=== Dataset section ===
◆ ◆ ◆ ◆ ◆ ◆ ◆
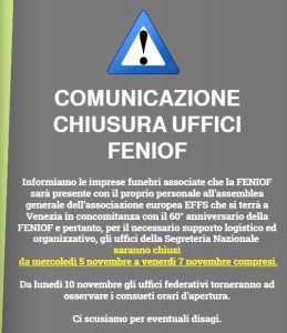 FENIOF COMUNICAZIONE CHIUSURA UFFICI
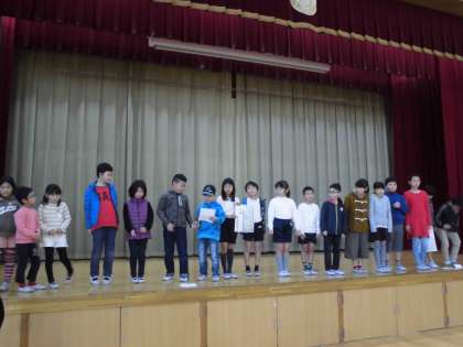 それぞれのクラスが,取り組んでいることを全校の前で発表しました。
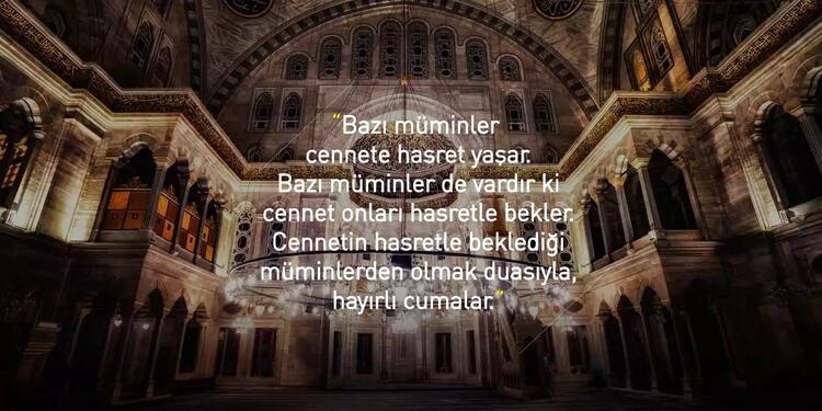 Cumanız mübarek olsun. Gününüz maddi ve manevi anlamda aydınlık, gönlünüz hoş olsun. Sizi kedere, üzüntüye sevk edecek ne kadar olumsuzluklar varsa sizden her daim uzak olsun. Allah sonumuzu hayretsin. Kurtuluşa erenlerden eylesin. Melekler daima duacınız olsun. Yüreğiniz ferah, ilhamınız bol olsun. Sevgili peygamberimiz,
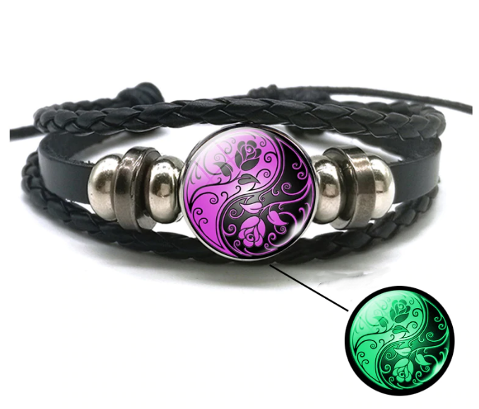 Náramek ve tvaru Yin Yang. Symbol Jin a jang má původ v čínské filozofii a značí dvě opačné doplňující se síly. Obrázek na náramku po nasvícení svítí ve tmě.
◆ ◆ ◆ ◆ ◆ ◆ ◆
=== The problem ===
Nothing but the lines from the first line of the data above through the line holding "Cumanız mübarek olsun." may appear in the response, copied exactly and without pictures.

=== Answer to this task ===
 FENIOF COMUNICAZIONE CHIUSURA UFFICI
 それぞれのクラスが,取り組んでいることを全校の前で発表しました。
 Cumanız mübarek olsun. Gününüz maddi ve manevi anlamda aydınlık, gönlünüz hoş olsun. Sizi kedere, üzüntüye sevk edecek ne kadar olumsuzluklar varsa sizden her daim uzak olsun. Allah sonumuzu hayretsin. Kurtuluşa erenlerden eylesin. Melekler daima duacınız olsun. Yüreğiniz ferah, ilhamınız bol olsun. Sevgili peygamberimiz,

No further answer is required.